Los malabarismos dialécticos falsarios que llevan a los anticapitalistas de Podemos a repetir que Amancio Ortega no paga impuestos en España servirían para decir ahora que el impuesto a los ricos servirá para financiarlos a ellos, o al chalé de Pablo Iglesias, ‘el impuesto de Galapagar’. ¿Se entiende mejor lo ruin de ese argumento, de ese discurso político que deberían abandonar? En fin... Es tan burda, y tan perniciosa socialmente, la vinculación constante de los problemas de España con los privilegios de los ricos, que ni siquiera se distingue entre unas fortunas y otras, las que son productivas y generan riqueza de aquellas otras que puedan existir, apalancadas y rentistas. Quevedo, sabiendo lo que decía, le dio cuerpo de persona, de español que veía pasear por las calles y entrar en los salones, y lo dejó escrito en una frase memorable: “La envidia va tan flaca y amarilla porque muerde y no come”.
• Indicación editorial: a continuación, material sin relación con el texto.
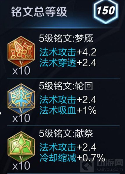 铭文的话,推荐法师通用铭文,红色10梦魇,蓝色10轮回,绿色10献祭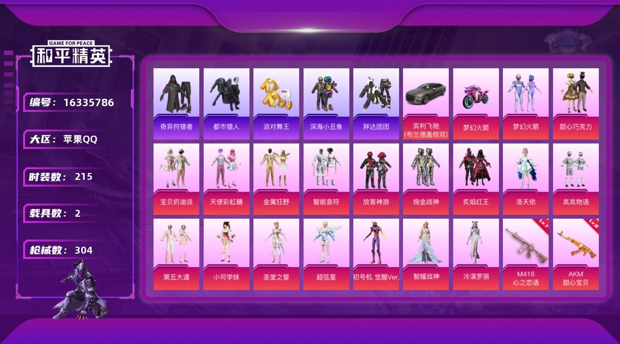 [16335786]【特价出售/店主推荐】苹果 手Q-无敌战神框-18粉装-12特效枪-2载具-6粉色飞行器-106740热力值-17王牌印记-215套装-304枪皮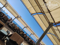 Ну вот и закончился наш отпуск и пока все впечатления не подзабылись , а так тоже бывает , делюсь с вами ) Начнём с классики - ездили с турфирмой TUI 8 ночей 7 дней , перелёт авиакомпанией туда Corendon ,оттуда Sun Exspress . Туда без опозданий, обратно была задержка рейса , но не критично . Итак , прилетели, опять долго ,долго ехали и долго долго ждали багаж , слава Богу всё было на месте , затем поход к тур. представителю и начался квест . Сообщили номер Трансфера , а на какой стоянке он стоит (хотя бы ) ищите сами , а там тьма тьмущая в 10-15 рядов и нескончаемо..... ну нашли , были последние , поехали. Трансфер хороший , чистый , быстрый заезд был ещё в один отель. Ехали примерно час . Приехали и тут весь мой настрой на позитив выветрился . Зашли , сразу Reception ,показалось всё мрачным (заезд был уже поздно вечером после 22 :00 ) Заселение сразу , помощь с багажом тоже присутствовала ,спасибо . Номер был на том же этаже , где и Reception ,но в другом строении , где можно перейти по крытому переходу . В коридоре ковролин ,думаю, чтобы шаги приглушить, но грязненький ,да и в течении отпуска его никто и не чистил, если честно . Номер был просторный , в номере большой вместительный шкаф , в нём сейф , одна односпальная кровать и одна двуспальная , где матрас был один и мы с него скатывались ))) , кресло дополнительно , плоский ТВ , есть русские каналы, но их очень мало 2-3 программы ,по -моему , немецкие, турецкие ,польские . У нас был плохой сигнал ,возможно, у кого-то и лучше . Столешница длинная -это плюс, чайный уголок- это двойной плюс , хороший балкон с сушилкой -это плюс . Вид с балкона на апельсиновые деревья внутреннего двора и на балконы соседнего корпуса отеля ( нам не мешало , зато ,тихо ) . Холодильник с мини баром ,который пополнялся ежедневно и в котором присутствовали - 2-3 водички с газом, 2-3 без газа , пара упаковочек сока . В ванной комнате от отеля душ гель , шампунь , две шапочки для душа , два мыла , фен (зверски гудящий и ничего не сушащий ,впрочем , как и везде ))) , душевая кабина -напор воды очень хороший , без перебоев , вода уходит хорошо , печальненькие сама арматура душа ,ну и аксессуары ванной комнаты , так скажем ,фото прилагается ) . Полотенца белые, без пятен , дырок и т.д. , постельное бельё без нареканий -всё отлично ,но обратите внимание, что в данном отеле укрываться нужно покрывалом но в шкафу есть толстые одеялки , которые можно кинуть поверх и будет вам счастье. Уборка ежедневно , смена полотенец тоже , всё по желанию ,будьте внимательны , если вы не меняете полотенца и они у вас висят в душевой, то уборщица может их все собрать и сложить стопкой на сушилку в ванной или сделать вам дизайн на кроватях и тогда никто не узнает , где чьё ))) ,лучше кидайте сразу на пол. Контролируйте количество полотенец при заезде и после их замены . Питание в данном отеле - ресторан основной , есть а ля карт рыбный ,турецкий -мы не были ,не могу оценить. На пляже ресторанчик Оливиа , где можно перекусить с 12 до 16 часов , есть бар на бассейне , бар в главном корпусе , где нужно спуститься вниз и там же внизу кондитерская -пирожные , мороженое, на баре кофе ,коктейли и т.д. . Питание - разнообразное и каждый ,думаю, нашёл себе то , чем он был доволен. Пекут гезлеме и пышки по дороге на пляж . Территория отеля очень компактная , вышел с отеля и сразу всё под рукой- бассейн, бары, сцена , гезлеме -пышки , ресторан на пляже , пляж , море ))) Т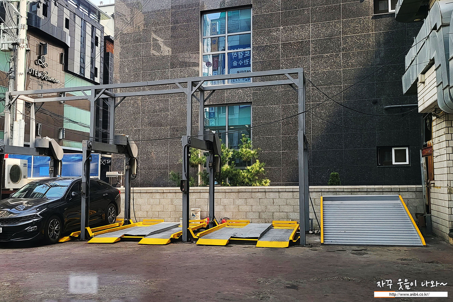 참고로 이렇게 생긴 주차장도 들어가지 못합니다. 드드드드 긁히는 소리가...
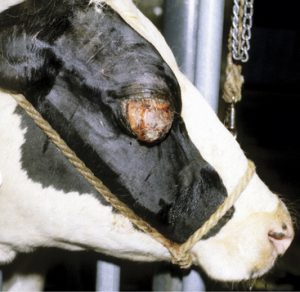 این بیماری گاوهای نر، ماده و بخصوص گاوهای جوان را تهدید می کند. عوامل محیطی چون گرد و غبار و باد و مگس ها و تغذیه نامناسب باعث ایجاد بیماری می شود.
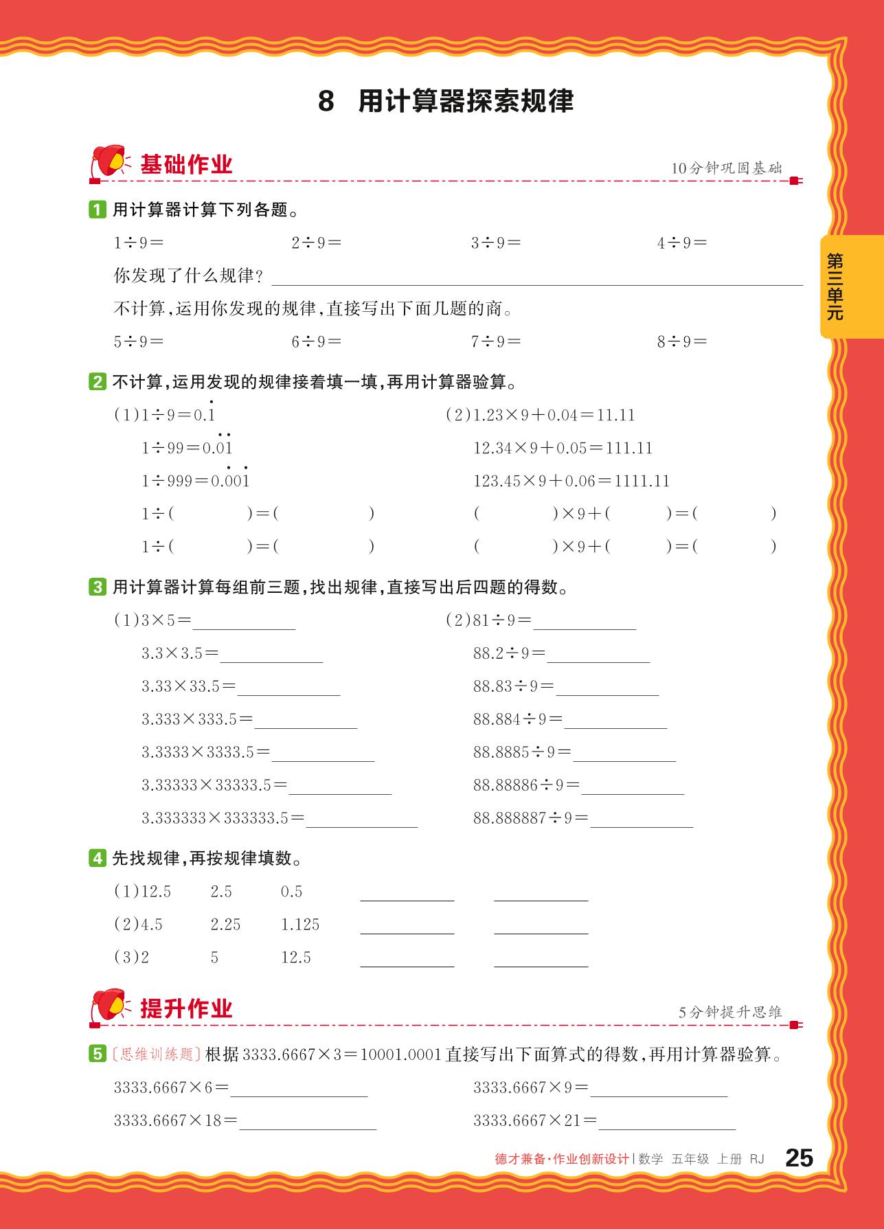 2024秋上册五年级数学人教版 第三单元 小数除法——8. 用计算器探索规律_R240820112816136

A Carlos Marx se le olvidó decir que también la envidia es un opio para el pueblo, porque lo ciega y lo aleja de sus verdaderos problemas, de sus auténticas aspiraciones. Sobre todo la envidia, promovida, aventada y hasta falsificada, como un elemento alienante del ser humano; el agravio, motor de tantos discursos populistas capaces de reunir a grandes masas de ciudadanos. En España, la envidia tiene tanta aceptación que incluso existe la 'sana envidia', que es una contradicción moral en sí misma, como los pícaros de Cervantes que se enorgullecían de sus tropelías “por la gracia de Dios”.